What we followers of sport love are big games doubling as studies in contrasts. Opponents employing dramatically different tactics from opposite ends of the street or the globe. Built on traditions with little or nothing in common aside from an adherence to the same rules. Think "Spain versus Holland" in the World Cup.
Which is why the American college football championship game tonight in the US city of Glendale, Arizona is so compelling. Not that Americans need an Us versus Them match-up to be riveted by the nation's biggest game that is not the Super Bowl. It just makes it more fun, and easier to choose a favourite.
This one is Team Nike versus Team Dixie. The West Coast against the East Coast. The granola-munching tree-huggers of the rain-spattered University of Oregon and their fashion-conscious Ducks, against the no-nonsense, old-school blunt instrument that is the Auburn University Tigers from the deeply conservative state of Alabama.
College football is a peculiarly American form of endeavour which, in theory, is an exercise in amateur sport that just happens to generate hundreds of millions of dollars in profits every year from avid fans and is an effective tool for universities to promote themselves with alumni, generic supporters and legislators.
College football is much like the professional National Football League, except far less predictable, far more fun, far more colourful (marching bands, cheerleaders, arcane traditions) and far more parochial.
More than 500 American institutes of higher learning play football and are governed by the National Collegiate Athletic Association (NCAA), sort of the US answer to Fifa. That is, obscure, maddening, smug and in complete control.
The NCAA, like any sports organization, would dearly like to know which is its best football team in a given season. Unlike nearly any other sports polity, however, the NCAA has no simple mechanism in place to make such a determination among its 120 top-flight football teams, relying instead on the Bowl Championship Series (BCS) system which somehow collates the personal opinions of presumed experts with computer-generated ratings.
We will not weary you with the details other than to note that the BCS format produces passionate arguments every year and has, this season, identified the unbeaten teams of Oregon and Auburn as the schools worthy of meeting for the championship.
This is when the contrasts become apparent.
Let's start with Auburn.
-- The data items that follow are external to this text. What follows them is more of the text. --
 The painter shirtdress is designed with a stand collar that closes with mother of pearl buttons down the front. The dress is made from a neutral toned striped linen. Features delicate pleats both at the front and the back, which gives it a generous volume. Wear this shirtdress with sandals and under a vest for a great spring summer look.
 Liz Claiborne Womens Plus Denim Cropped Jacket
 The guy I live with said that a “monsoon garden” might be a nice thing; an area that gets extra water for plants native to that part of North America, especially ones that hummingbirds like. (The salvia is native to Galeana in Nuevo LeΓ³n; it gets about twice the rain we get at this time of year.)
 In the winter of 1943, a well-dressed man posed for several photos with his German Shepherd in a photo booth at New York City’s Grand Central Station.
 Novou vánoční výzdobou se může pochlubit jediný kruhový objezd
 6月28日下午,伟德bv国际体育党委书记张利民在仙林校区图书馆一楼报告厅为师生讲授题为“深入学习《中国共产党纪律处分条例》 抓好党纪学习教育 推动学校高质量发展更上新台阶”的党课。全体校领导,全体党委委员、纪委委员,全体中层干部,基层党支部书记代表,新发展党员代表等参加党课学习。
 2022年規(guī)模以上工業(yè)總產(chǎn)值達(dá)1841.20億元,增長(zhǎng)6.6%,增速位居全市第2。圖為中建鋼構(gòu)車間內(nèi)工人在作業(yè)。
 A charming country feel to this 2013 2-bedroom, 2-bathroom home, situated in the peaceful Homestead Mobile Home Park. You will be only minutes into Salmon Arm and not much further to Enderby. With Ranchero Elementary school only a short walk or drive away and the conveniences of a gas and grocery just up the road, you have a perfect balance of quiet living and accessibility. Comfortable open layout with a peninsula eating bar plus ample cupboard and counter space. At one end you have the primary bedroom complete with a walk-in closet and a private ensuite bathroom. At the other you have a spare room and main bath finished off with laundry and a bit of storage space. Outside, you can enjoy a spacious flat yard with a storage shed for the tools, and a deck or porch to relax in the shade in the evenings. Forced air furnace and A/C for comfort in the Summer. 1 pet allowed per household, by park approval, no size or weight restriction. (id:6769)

The Tigers come from the Southeastern Conference (SEC), and the southeast of the US is perhaps the most football-mad corner of the country, as well as the most self-aware. (After all, it formed the Confederacy in 1861 and tried to leave the US.) Auburn is the latest uber-team to survive the brutal struggle for supremacy that goes on every year in the SEC, one which has generated the past four national champions (Florida, Louisiana State, Florida again and Alabama). Auburn could make it five in a row for the SEC.
The SEC is about being bigger, faster and stronger than its opponents. Coaching matters, but it is first and always about athletes. Incredible athletes of the sort who make it clear why the US have never gotten past the quarter-finals of the World Cup; they are all playing the American version of football.)
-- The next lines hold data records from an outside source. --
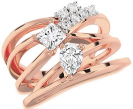 This exquisite Promise ring radiates modern elegance with its intricate multi-band design in polished yellow gold. It showcases a captivating square-cut pink gemstone and a brilliant pear-cut white stone, both securely prong-set for maximum sparkle. A cascade of round accent diamonds crowns the top, adding extra shimmer and luxury. This ring symbolizes love, unity, and timeless commitment.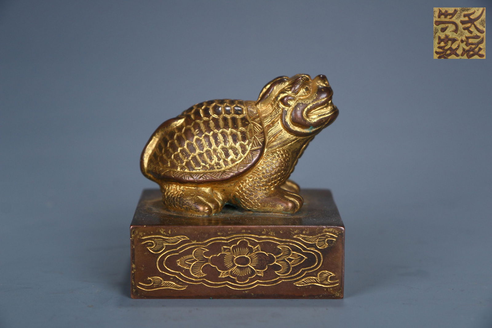 A GILT BRONZE SEAL WITH BEAST KNOB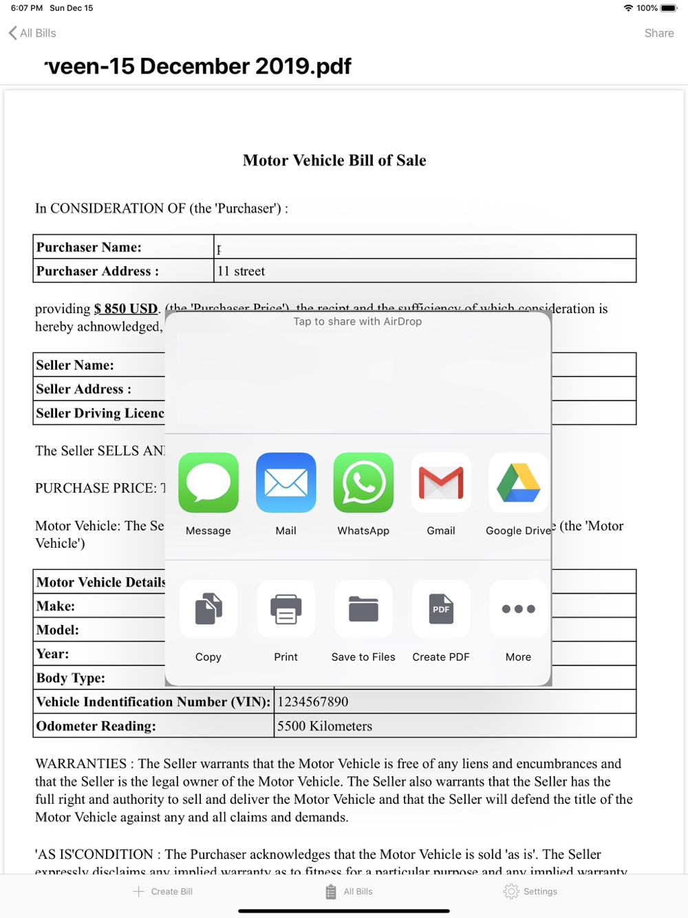 •The date at the top auto-fills on the date you are creating the bill of sale.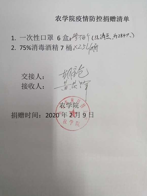 2月9日,胡宝仓副经理代表公司将公司各实验室、课题组无偿提供的一次性口罩6盒共计284只,75%消毒酒精2.5L/桶7桶移交给公司国资处。国资处副处长黄英锋代表公司接收了相应物资并及时将防疫相关物资转交到校医院抗疫防控第一线。这是公司师生为抗击新型冠状病毒疫情防控的第一批物资。

The SEC's polar opposite is the Pacific-10, located on the other side of the country and composed of Arizona and the three states adjoining the ocean.
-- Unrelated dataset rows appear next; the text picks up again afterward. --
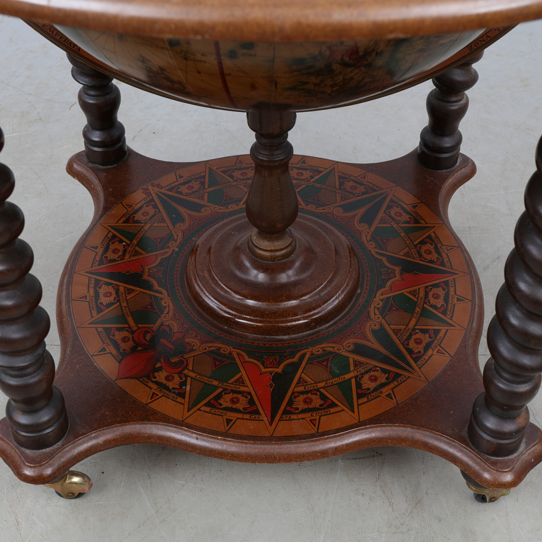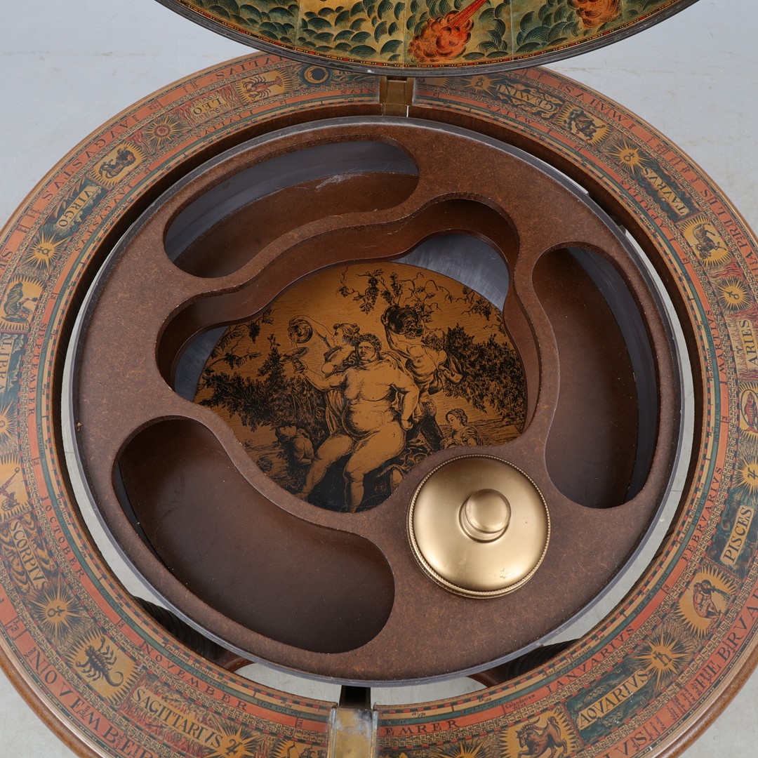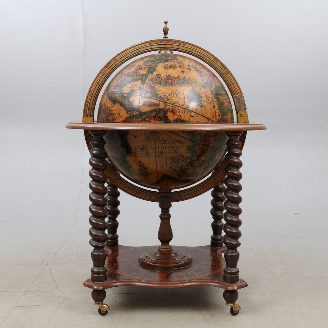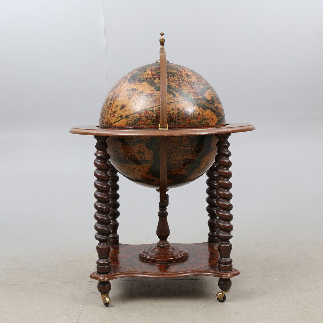 2061666. BARSKÅP, i form af en globus, 20. århundrede.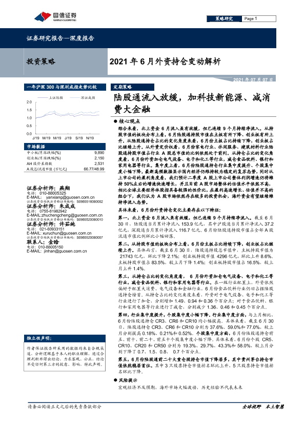 【国信证券】【20210707】2021年6月外资持仓变动解析:陆股通流入放缓,加科技新能源、减消费大金融-21页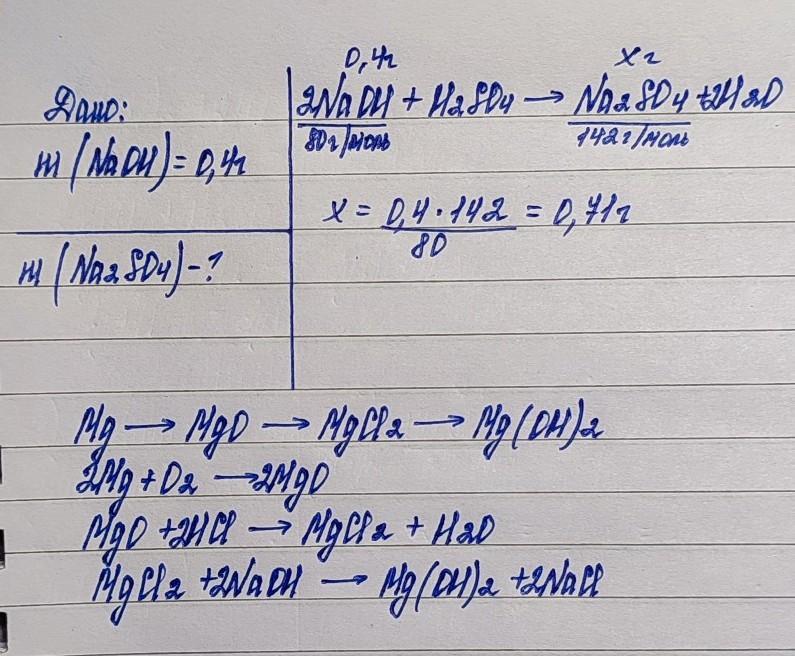2. Определить массу сульфата натрия образовавшегося при взаимодействии серной кислоты с гидроксидом натрия массой 0,4 г.

It has a generally unwelcome but perhaps not unfair reputation for winning with guile and gimmicks. Maybe even by overt intelligence. Theirs is considered a not-quite-manly approach to the game that other regions of the country tend to view as sneaky, especially when a Pac-10 team have beaten them.
Oregon for decades was one of the lesser members of the Pac-10 tribe until Phil Knight, the billionaire chairman of Nike, the shoe and sports-apparel company based in Oregon, took a renewed interest in his alma mater and began pouring money into its athletics programmes.
Now, the Ducks (Oregon's unfortunately non-threatening nickname) have the best of everything, including lavish facilities and a choice of game apparel so vast no one is sure how many combinations of green-white-black shirts-pants-helmets the team have.
Oregon's Ducks, then, have become the trendiest of football teams, which Auburn's Tigers never have been nor ever will be.
Oregon also is known for running a revolutionary offence that calls for speeding up the pace of the game, exhausting their opponents and scoring oodles of points. Auburn runs a similar style of attack, but at a slower pace and with bigger players.
So, pick your team. Nike or Dixie? West or East? Cutting-edge or old-fashioned? Guile or a sort of brutal innocence? Fast and reckless or fast and careful? Tens of millions of Americans will have made their choice by kick-off tonight and will be fascinated by how the contrasts play out.